Sunday, December 13, 2009

Financial Sense Newshour On The Gold Bubble

This week's Financial Sense Newshour podcast returned to the gold-bubble theme, in large part because more public sources are claiming that there is one. The gold-bubble meme has acquired a lot of traction lately in the financial press, and it shows in this week's podcast. The first of the two parts of an entire segment of the show [.MP3 file] is entitled, "Gold - Bubble Trouble or Ready to Double?" Essentially, the same rebuttal points used in recent weeks were re-used. Gold hasn't been mainstreamed; smart professional investors are plowing into gold right now; the Federal Reserve has expanded the monetary base hugely; the U.S. deficit, as a percentage of GDP, has reached a high-inflation tipping point; the Fed is likely to monetize more Treasury debt and jack up the monetary base to do so; the pressure to do so will be upped considerably once Treasury-security interest rates rise across the board.

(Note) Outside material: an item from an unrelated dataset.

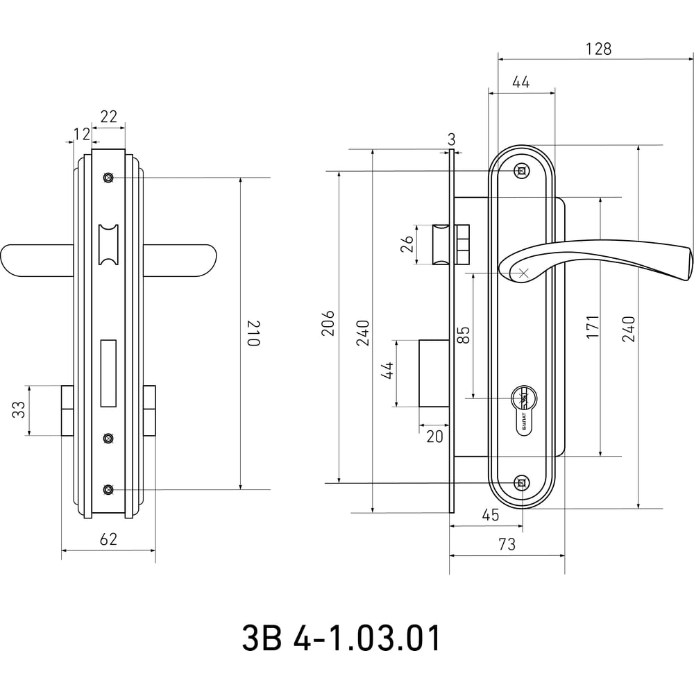 Врезной замок БУЛАТ ЗВ4-1.03.01 НОМОС 13557

There's another point that can be used to rebut the claim that gold is currently in an all-out bubble: too many people are aware of the possibility, implying that they're still skeptical of gold. This point may merely be naive contrarianism, but contrary-opinion theory has a solid kernel of truth in it. People are publicly bullish about investments they have already bought. They want company; their bullish expectations amount to, "I'll make money with this thing and so will others once they get on board too." In contradistinction, people who are bearish don't own it and don't plan to. When everyone is bullish, therefore, everyone who's likely to buy has already bought. The only way for the price to keep plowing up is if new demand comes in from somewhere else - new money. If the investment is widely-talked about, there aren't that many sources for new-money demand.

The current level of skepticism comes from people who already know something of gold. Should gold confound them, they might well switch their opinion to bullish.

At the climax of a real bubble, there is almost no skepticism. The few that are, are hesitant and often placatory. They know full well that they'll look like idiots if the investment keeps rocketing up. In addition, too may of the ordinarily prudent have already had their disbelief-screen utterly confounded at an earlier stage of the bubble. Common sense is no longer useful, and suspension of prudency-based disbelief is well-nigh universal. The jump-the-shark moment near the top of the bubble, such as bullish profiles of the investment in the non-business media, is the last of several; the others seem to be jump-the-shark moments but aren't. Hence the near-universal silence of the skeptical, and the perception among bears that top-calling is just too risky at that point.

Historically, the pros tend to exit at the beginning of the blow-off stage. Client and/or performance pressure tempts them back in. That's why they tend to get caught along with the general investor.

We're far from this stage yet. Gold may get flattened down to three digits and stay there; if so, it won't occur because of a popped gold bubble. It'll take place because a real bubble never got rolling. The recent "bubble" talk is reminiscent of U.S. residential real estate around 2003.


While I'm on the subject, gold skeptic Andrew Butler has written a Seeking Alpha article entitied "Is Gold Bubble Popping?" A catchy title, but he's really discussing whether or not gold is overvalued at current prices. He compares gold to crude oil, claiming that there's a 74% correlation between the two since 1971. By his lights, gold should be in a range centered around US$750/oz. If he's right, then gold is about 49% overvalued - or oil's about 33% undervalued.